Семага совершенно отупел от недоумения, но, чтоб избавить ребёнка от неприятной необходимости глотать снежную воду, – догадался, что нужно оправить тряпки, и для этого перекувыркнул ребёнка вниз головой.

Тому это, должно быть, показалось неудобным, и он жалобно запищал.

– Нишкни! – сказал Семага сурово. – Нишкни! А то и те задам. Я чего вот с тобой сделаю?

А? Куда мне тебя нужно? А ты ревёшь? Ишь ты, дурачина.

Но на находку Семаги нисколько не подействовала его речь – ребёнок всё пищал и так жалобно, так тихо, что Семаге сделалось неловко.

– Это, брат, как хошь! Я понимаю, что тебе мокро и холодно… и что ты мал ребёнок. Но, одначе, куда ж я тебя дену?

Ребёнок всё пищал.

– Совсем даже мне некуда тебя девать, – решительно сказал Семага, закутал свою находку плотнее в тряпки и, наклонившись, положил её на снег.

– Так-то вот. А то куда ж я тебя дену? Я, брат, и сам вроде как подкидыш в моей жизни.

Прощай, значит… Больше никаких!

И, махнув рукой, Семага пошёл прочь от ребёнка, ворча про себя:

– Кабы не обход, мог бы я тебя куда ни то сунуть. А то вон – обход. Что я тут могу сделать? Ничего, брат, не могу.
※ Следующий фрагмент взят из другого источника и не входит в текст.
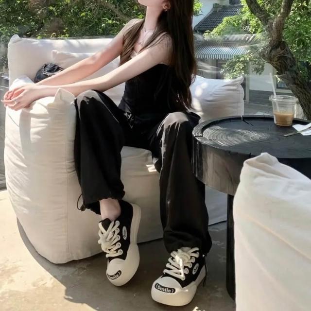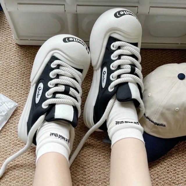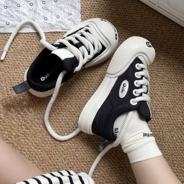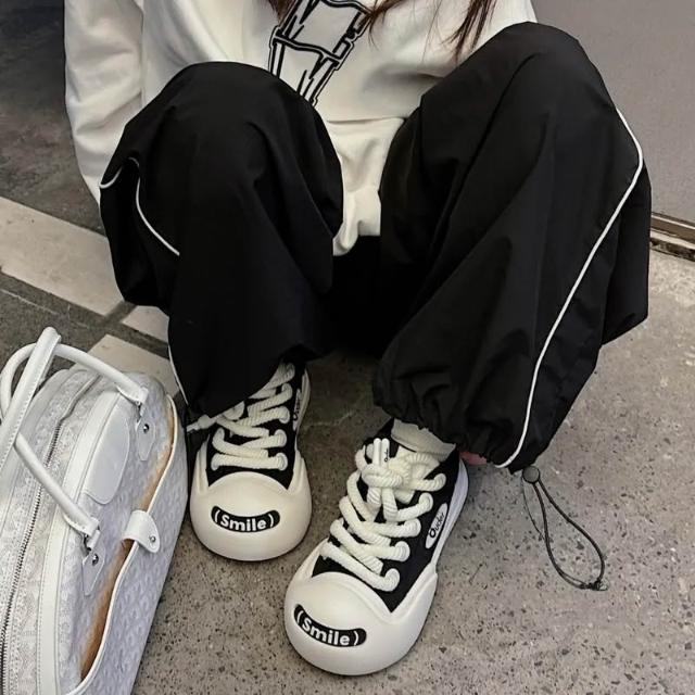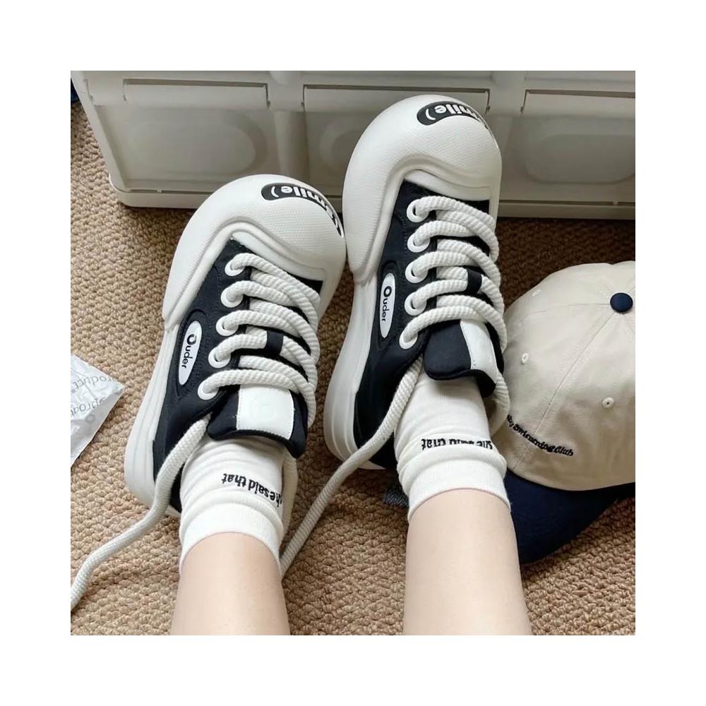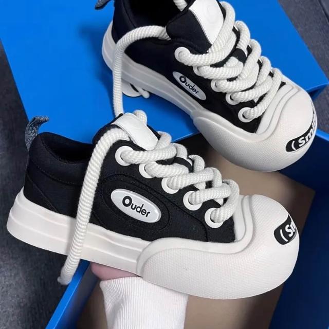 Ouder Smiler 開口笑 圓頭 厚底 低筒 帆布鞋 平民版 解構 黑白 OUD010HEI

Прости, пожалуйста. Невинная ты душа, а мать твоя – шкурёха.

Кабы мне её узнать, я бы ей рёбра обломал и все печёнки отбил. Чувствуй и понимай, да вдругорядь не дури. Знай край, да не падай. Эх ты, дьяволица треклятая, проклятая душа, ни дна бы тебе, ни покрышки, чтоб тебя земля не приняла, анафемскую дочь, чтоб тебя тоска-сухотка измаяла! А! Родишь? Бросаешь под забор? А за косы хочешь? Да я тебя… свинья ты! Должна ты понимать, что в такую пургу да мокроть нельзя ребят по улицам швырять, потому они слабые, как в рот снегу нанесёт – они и задохнутся. Ду-ура, выбери сухую ночь и бросай своё дитя. В сухую ночь и проживёт оно дольше и, главная вещь, увидят его люди. А разве в такую ночь люди ходят по улицам?.. Э-эх ты!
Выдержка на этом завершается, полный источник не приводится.